■ **SUPPLIED MATERIAL**
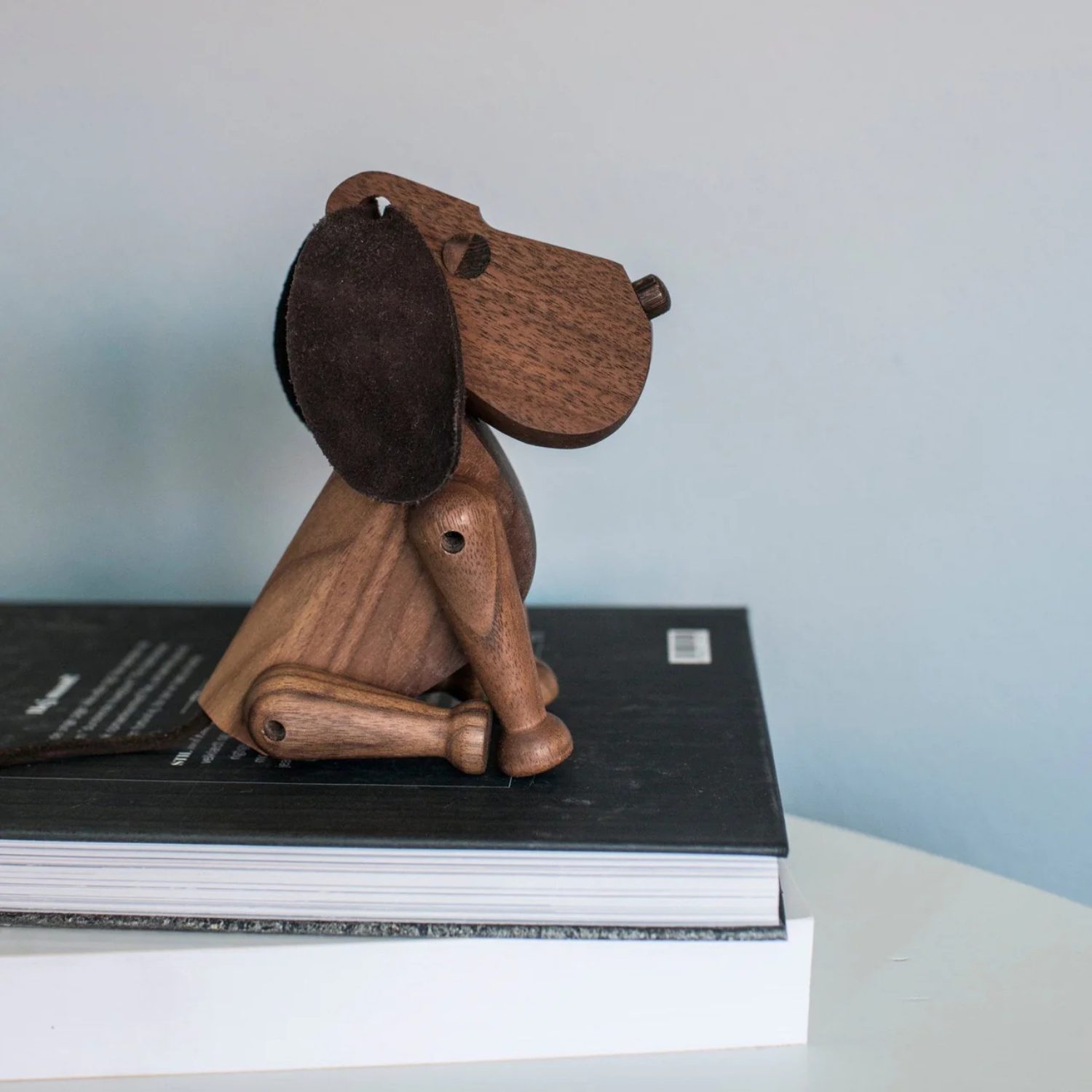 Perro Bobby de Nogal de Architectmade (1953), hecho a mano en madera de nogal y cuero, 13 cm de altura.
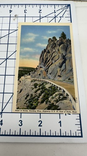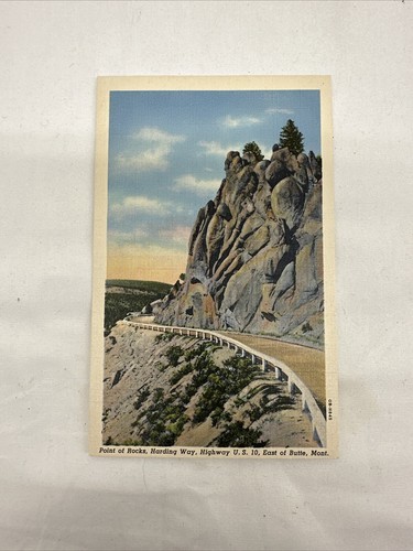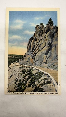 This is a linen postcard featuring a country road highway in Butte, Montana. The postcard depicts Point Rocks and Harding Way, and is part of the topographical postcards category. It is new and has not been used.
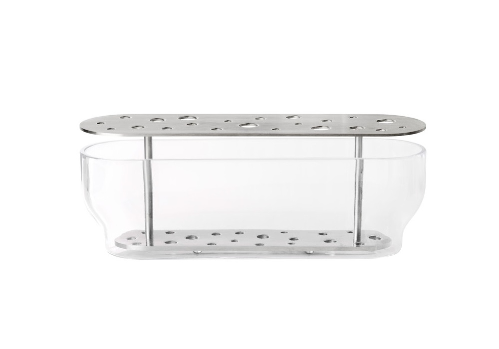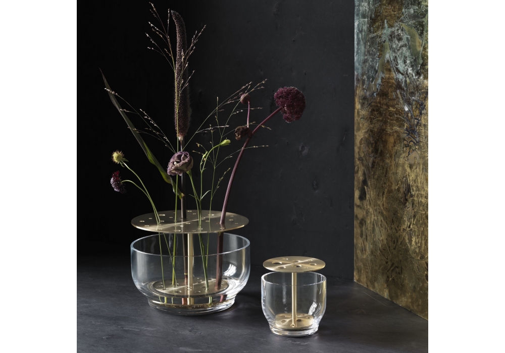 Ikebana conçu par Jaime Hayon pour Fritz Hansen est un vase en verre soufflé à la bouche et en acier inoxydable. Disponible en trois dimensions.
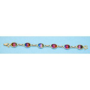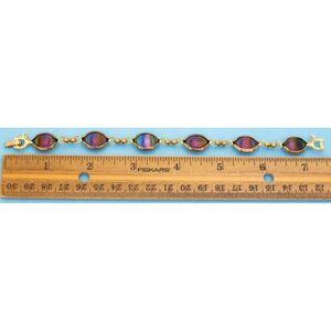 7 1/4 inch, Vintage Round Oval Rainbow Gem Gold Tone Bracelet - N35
* * *
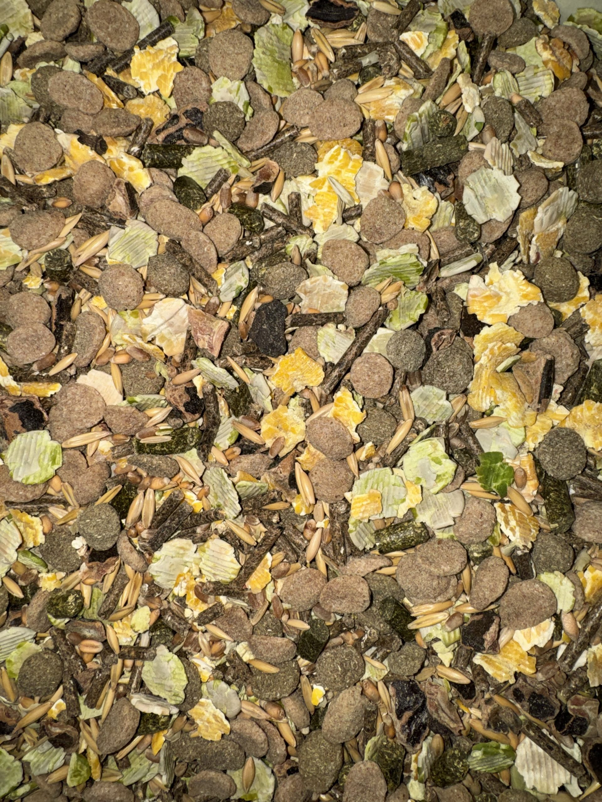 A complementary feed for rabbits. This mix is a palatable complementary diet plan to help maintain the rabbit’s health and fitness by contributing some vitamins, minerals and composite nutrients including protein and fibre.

■ **REQUIRED ACTION**
Pictures excluded, reproduce only the part above that opens with the line holding "Perro Bobby de" and closes with the line holding "This is a linen", exactly as written.

■ **FINAL ANSWER**
 Perro Bobby de Nogal de Architectmade (1953), hecho a mano en madera de nogal y cuero, 13 cm de altura.
 This is a linen postcard featuring a country road highway in Butte, Montana. The postcard depicts Point Rocks and Harding Way, and is part of the topographical postcards category. It is new and has not been used.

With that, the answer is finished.